*Task directions*:
Beginning with the line that holds "Семья готовит рождественское печенье" and finishing with the line that holds "Christmas card for", repeat the listing exactly, leaving every picture out.

*Extracted entries*:
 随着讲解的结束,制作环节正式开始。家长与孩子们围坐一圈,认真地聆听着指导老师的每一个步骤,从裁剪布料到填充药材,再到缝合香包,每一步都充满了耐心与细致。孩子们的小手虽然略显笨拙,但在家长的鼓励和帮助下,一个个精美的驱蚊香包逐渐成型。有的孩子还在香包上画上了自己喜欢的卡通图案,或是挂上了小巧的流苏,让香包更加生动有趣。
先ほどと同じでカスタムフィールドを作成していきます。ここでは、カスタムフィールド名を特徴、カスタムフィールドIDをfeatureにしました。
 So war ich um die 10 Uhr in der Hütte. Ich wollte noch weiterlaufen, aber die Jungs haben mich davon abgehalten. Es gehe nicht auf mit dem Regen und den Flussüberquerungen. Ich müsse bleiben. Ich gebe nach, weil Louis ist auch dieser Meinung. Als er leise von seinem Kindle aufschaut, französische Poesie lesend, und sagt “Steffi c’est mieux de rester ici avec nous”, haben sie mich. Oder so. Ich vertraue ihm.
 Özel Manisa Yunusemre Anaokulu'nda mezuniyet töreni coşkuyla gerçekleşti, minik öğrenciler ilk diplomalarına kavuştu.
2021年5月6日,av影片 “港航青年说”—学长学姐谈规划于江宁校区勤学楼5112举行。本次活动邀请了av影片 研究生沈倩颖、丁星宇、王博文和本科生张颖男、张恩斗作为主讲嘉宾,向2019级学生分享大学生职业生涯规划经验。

...

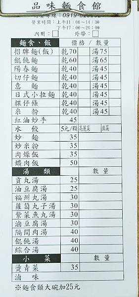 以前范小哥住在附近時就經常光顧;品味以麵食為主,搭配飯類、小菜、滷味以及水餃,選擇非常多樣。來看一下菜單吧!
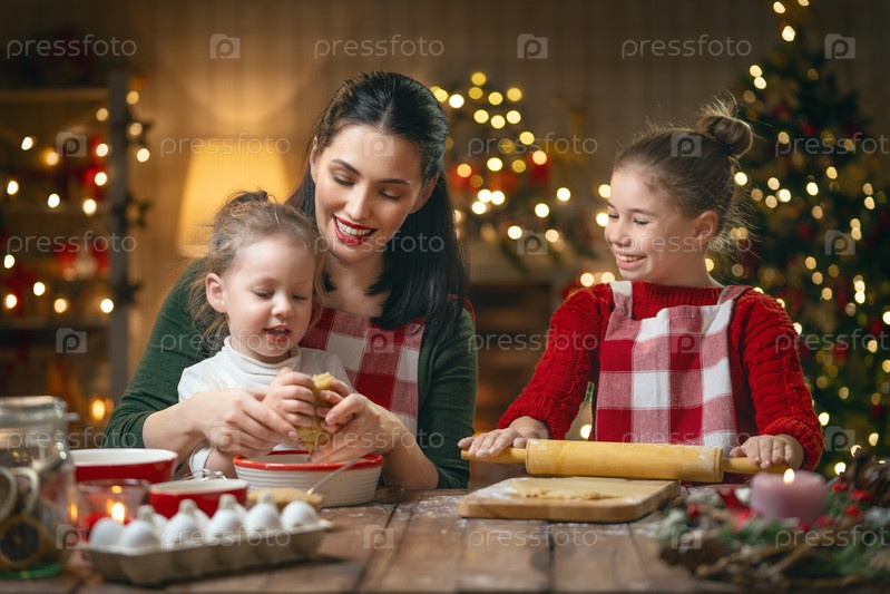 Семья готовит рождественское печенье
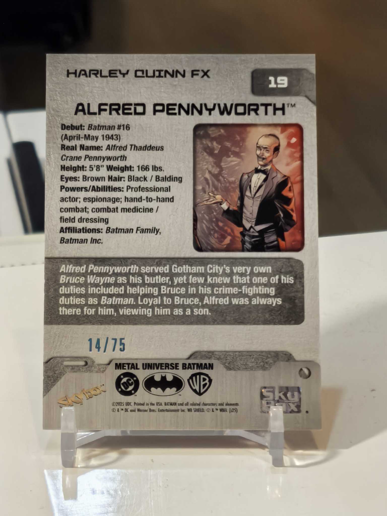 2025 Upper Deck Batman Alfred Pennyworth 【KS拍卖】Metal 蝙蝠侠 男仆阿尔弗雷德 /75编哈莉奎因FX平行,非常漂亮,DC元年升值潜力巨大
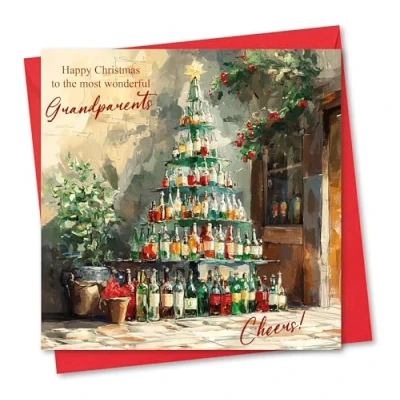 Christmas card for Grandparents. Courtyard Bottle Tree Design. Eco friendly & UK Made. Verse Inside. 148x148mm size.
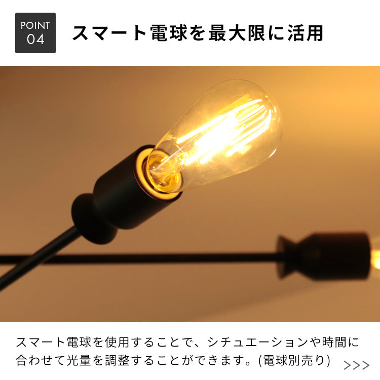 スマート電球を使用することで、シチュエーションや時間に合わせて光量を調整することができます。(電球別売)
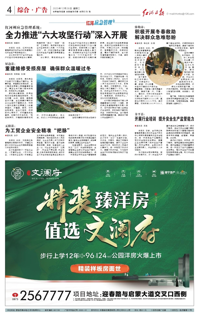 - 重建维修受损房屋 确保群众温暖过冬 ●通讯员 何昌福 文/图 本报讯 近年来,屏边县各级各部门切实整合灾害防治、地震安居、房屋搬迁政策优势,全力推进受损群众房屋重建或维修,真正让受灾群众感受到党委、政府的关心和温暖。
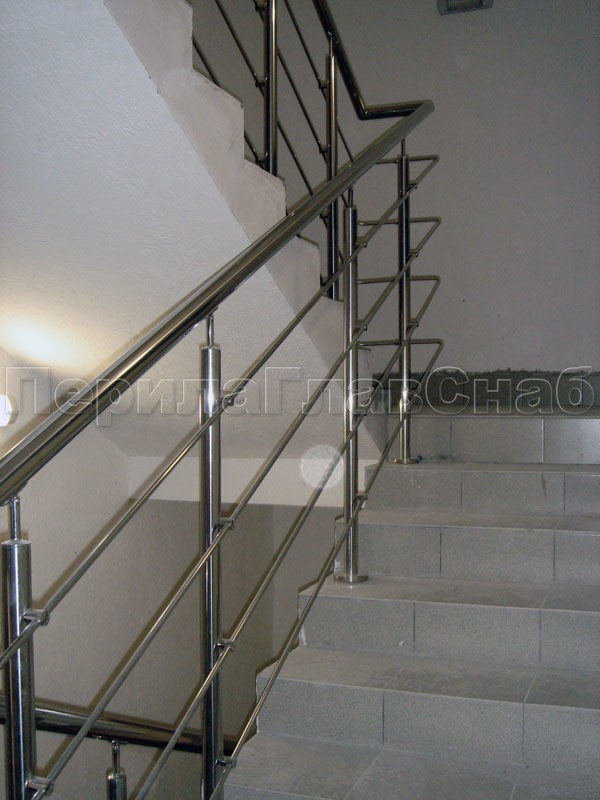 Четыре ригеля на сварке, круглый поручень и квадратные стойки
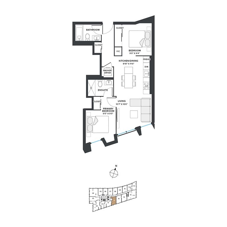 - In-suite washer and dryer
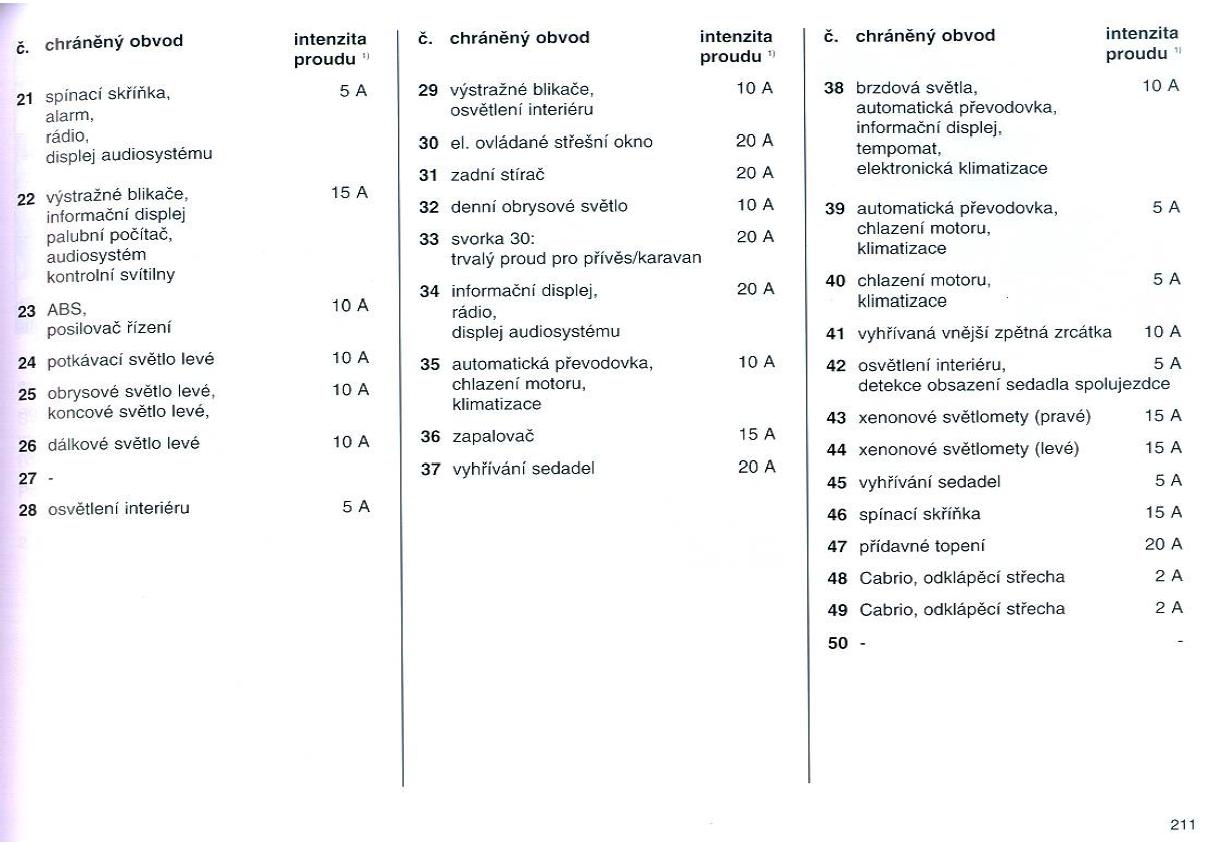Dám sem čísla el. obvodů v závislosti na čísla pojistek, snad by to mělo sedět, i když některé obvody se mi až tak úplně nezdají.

*Result of this exercise*:
 Семья готовит рождественское печенье
 2025 Upper Deck Batman Alfred Pennyworth 【KS拍卖】Metal 蝙蝠侠 男仆阿尔弗雷德 /75编哈莉奎因FX平行,非常漂亮,DC元年升值潜力巨大
 Christmas card for Grandparents. Courtyard Bottle Tree Design. Eco friendly & UK Made. Verse Inside. 148x148mm size.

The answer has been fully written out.